Un calme étrange règne à Puerto Vallarta
Ce lundi, l’atmosphère à Puerto Vallarta était profondément inattendue, avec des rues habituellement bondées de touristes complètement désertes et des devantures de magasins fermées, certaines ayant même été incendiées. Un silence pesant et inquiétant régnait dans cette ville qui, d’ordinaire, vit au rythme de ses touristes. La ville, comme beaucoup d’autres lieux au Mexique, fait face à une situation exceptionnelle, marquée par une montée soudaine de violence suite à l’élimination d’un chef de cartel très recherché. La scène qui se déroulait dans la matinée laissait penser à une ville abandonnée, presque abandonnée par ses habitants et ses visiteurs.
Alors que certains vols commencent à reprendre, des milliers de Canadiens restent bloqués dans cette destination prisée, confrontés aux conséquences d’un chaos brut et soudain provoqué par une vague de violence déclenchée par la mort d’un leader de cartel notoire. La violence et l’instabilité ont obligé de nombreuses autorités à fermer les écoles dans plusieurs États, tandis que les gouvernements locaux et étrangers avertissent leurs citoyens de rester à l’intérieur, dans l’attente d’une stabilisation de la situation.
Une incendiée opération policière qui coûte la vie à plus de 70 personnes
Dimanche matin, une opération policière visant à capturer Nemesio Oseguera Cervantes — mieux connu sous le nom d’“El Mencho” — chef du très puissant cartel de Jalisco, a tourné au drame. Selon les autorités mexicaines, au moins 70 personnes ont trouvé la mort lors de cette tentative d’arrestation, dont 25 membres de la Garde nationale mexicaine, tués dans six attaques séparées, et 34 suspects liés au cartel. Peu de détails ont été donnés sur cette opération, mais elle a entraîné une réponse violente des trafiquants, qui ont érigé plus de 250 barrages routiers dans 20 états, ont posé des explosifs et mis le feu à plusieurs véhicules pour montrer leur défiance et leur pouvoir face à la réaction des forces de l’ordre.
La réaction du cartel a été immédiate et brutale. Outre la perte de ces agents et suspects, la violence a laissé plusieurs régions en état de chaos. La semaine dernière, la zone est devenue le théâtre d’une situation critique, où la violence a éclaté à un point où la majorité des écoles ont été contraintes de fermer leurs portes. La tension était telle que l’on pouvait entendre des détonations et voir la fumée s’élever au-dessus des quartiers autrefois paisibles.

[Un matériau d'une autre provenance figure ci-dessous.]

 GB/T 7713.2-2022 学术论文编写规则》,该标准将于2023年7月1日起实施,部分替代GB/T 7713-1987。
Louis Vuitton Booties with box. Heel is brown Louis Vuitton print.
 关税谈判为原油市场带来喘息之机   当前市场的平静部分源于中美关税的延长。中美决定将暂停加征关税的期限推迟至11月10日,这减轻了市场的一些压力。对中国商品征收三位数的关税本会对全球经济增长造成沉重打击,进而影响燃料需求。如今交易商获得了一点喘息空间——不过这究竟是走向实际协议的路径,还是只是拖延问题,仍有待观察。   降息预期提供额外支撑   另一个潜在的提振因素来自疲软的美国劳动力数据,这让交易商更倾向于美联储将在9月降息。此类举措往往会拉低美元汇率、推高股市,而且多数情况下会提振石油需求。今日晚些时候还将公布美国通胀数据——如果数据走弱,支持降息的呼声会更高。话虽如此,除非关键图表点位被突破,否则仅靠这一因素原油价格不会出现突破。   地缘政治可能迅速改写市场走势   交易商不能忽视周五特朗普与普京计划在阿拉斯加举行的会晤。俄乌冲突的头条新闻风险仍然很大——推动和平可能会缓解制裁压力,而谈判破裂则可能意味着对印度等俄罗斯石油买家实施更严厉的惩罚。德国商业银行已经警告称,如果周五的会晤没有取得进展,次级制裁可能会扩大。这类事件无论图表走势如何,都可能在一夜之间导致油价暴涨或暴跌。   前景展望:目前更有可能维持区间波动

Ce bilan macabre comprend aussi la mort de 25 membres de la Garde nationale mexicaine lors d’attaques multiples, en plus des nombreux suspects arrêtés ou tués au cours de cette opération. Très peu de détails ont été communiqués concernant le déroulement précis de cette opération ou l’identité de tous ceux qui ont trouvé la mort. La situation, cependant, reste très volatile et imprévisible.
Réactions internationales et restrictions de voyage
Les compagnies aériennes canadiennes telles qu’Air Canada et WestJet ont rapidement annulé leurs vols à destination et en provenance de Puerto Vallarta et d’autres villes mexicaines, lundi, pour assurer la sécurité de leurs passagers. WestJet a annoncé que ses vols pour Puerto Vallarta, Guadalajara et Manzanillo reprendront mardi, après une évaluation approfondie des conditions de sécurité. Air Canada, quant à elle, a indiqué que ses vols seront pleinement opérationnels à partir de Montréal, Toronto et Vancouver vers Puerto Vallarta dès mardi, en utilisant de plus grands appareils, notamment des Boeing 787-9 Dreamliner, pour augmenter la capacité en passagers. Les vols de Toronto à Guadalajara sont prévus pour reprendre mercredi.

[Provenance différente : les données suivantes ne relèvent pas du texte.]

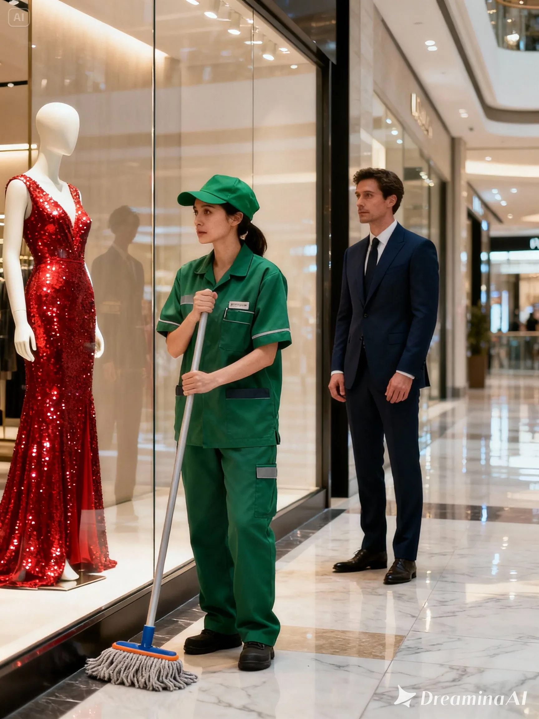 Frente a un escaparate con una colección exclusiva, había una mujer inmóvil.

De son côté, Air Transat a également prévu de relancer ses opérations vers Puerto Vallarta dès mardi. En revanche, la compagnie Flair a annoncé qu’elle ne prévoit pas de vols depuis Puerto Vallarta ou Guadalajara mardi, en raison de la situation. La compagnie Porter Airlines n’a pas encore indiqué quand ses vols reprendront. La ministre des Affaires étrangères du Canada, Anita Anand, a précisé lors d’une conférence de presse que le gouvernement n’avait reçu aucune notification préalable de l’opération qui a abouti à la mort d’Oseguera Cervantes, mais qu’il restait en contact étroit avec le gouvernement mexicain et surveillait de près l’évolution rapide de la situation.
Selon Mme Anand, plus de 26 000 Canadiens étaient inscrits auprès de l’organisme fédéral, Global Affairs Canada, comme étant actuellement au Mexique, un chiffre qui a augmenté de près de 8 000 en une seule journée. La situation demeure très instable, et le gouvernement conseille à tous les Canadiens présents dans la région de rester à l’intérieur et de suivre les consignes de sécurité.

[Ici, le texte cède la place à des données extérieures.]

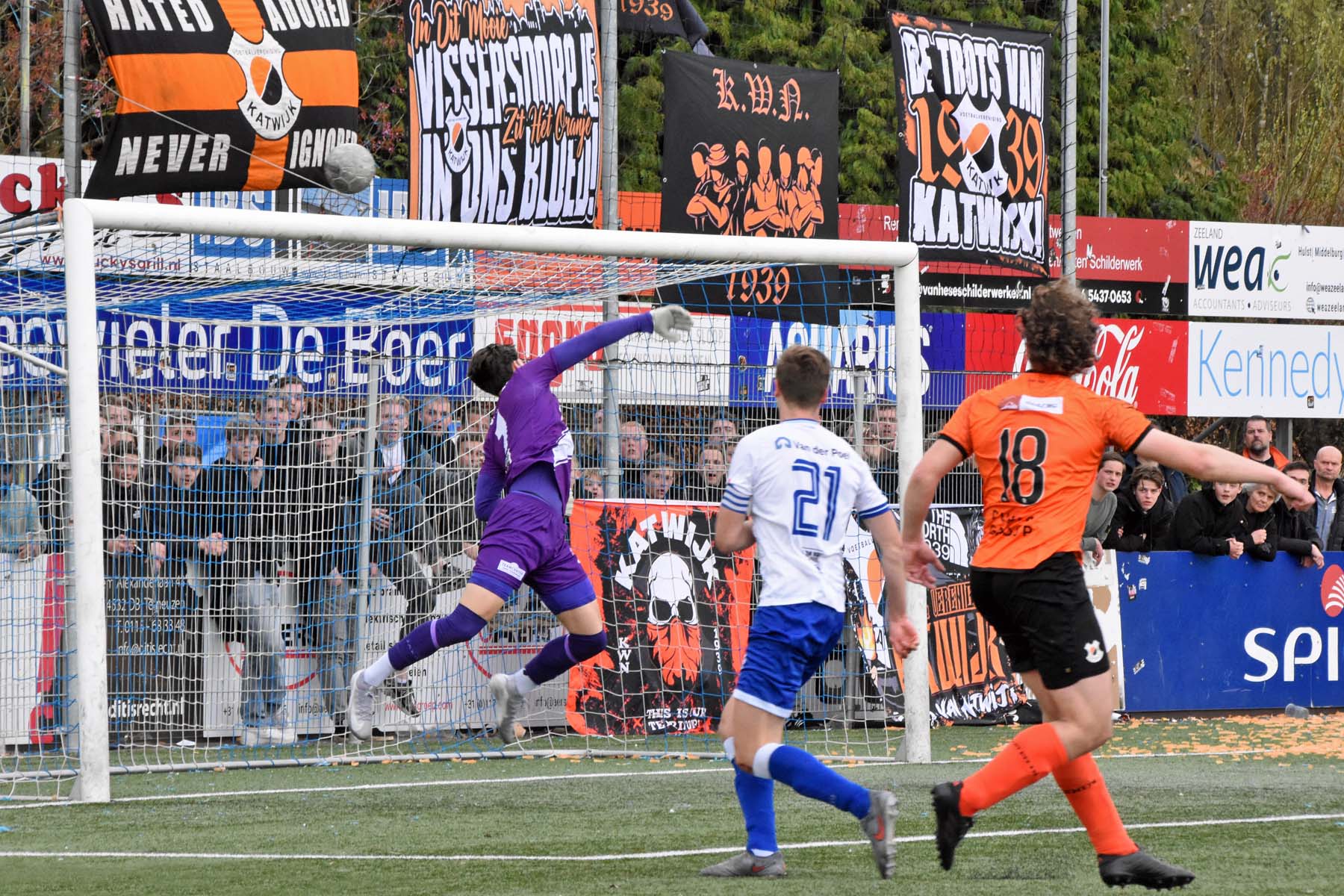 de keeper van VV Katwijk redt.

Une ville transformée en ville fantôme
Ce qu’il faut savoir sur la mort de ‘El Mencho’, le chef du cartel puissant, au Mexique
« C’était effrayant », raconte Thomas Speta, un touriste arrivé à Puerto Vallarta samedi, après avoir passé quelques jours à Mexico. Selon lui, la première indication que quelque chose clochait est arrivée dimanche, avec la vue du fumée s’élevant dans le ciel.
« En rentrant du petit déjeuner, j’ai aperçu une voiture en flammes à une rue d’ici », explique-t-il. Bien qu’il n’ait pas vu d’échanges de tirs entre forces de l’ordre et criminels, il a entendu des bruits semblables à des feux d’artifice et observé la fumée s’élever depuis la terrasse de son hôtel. Son vol cette nuit-là a été annulé.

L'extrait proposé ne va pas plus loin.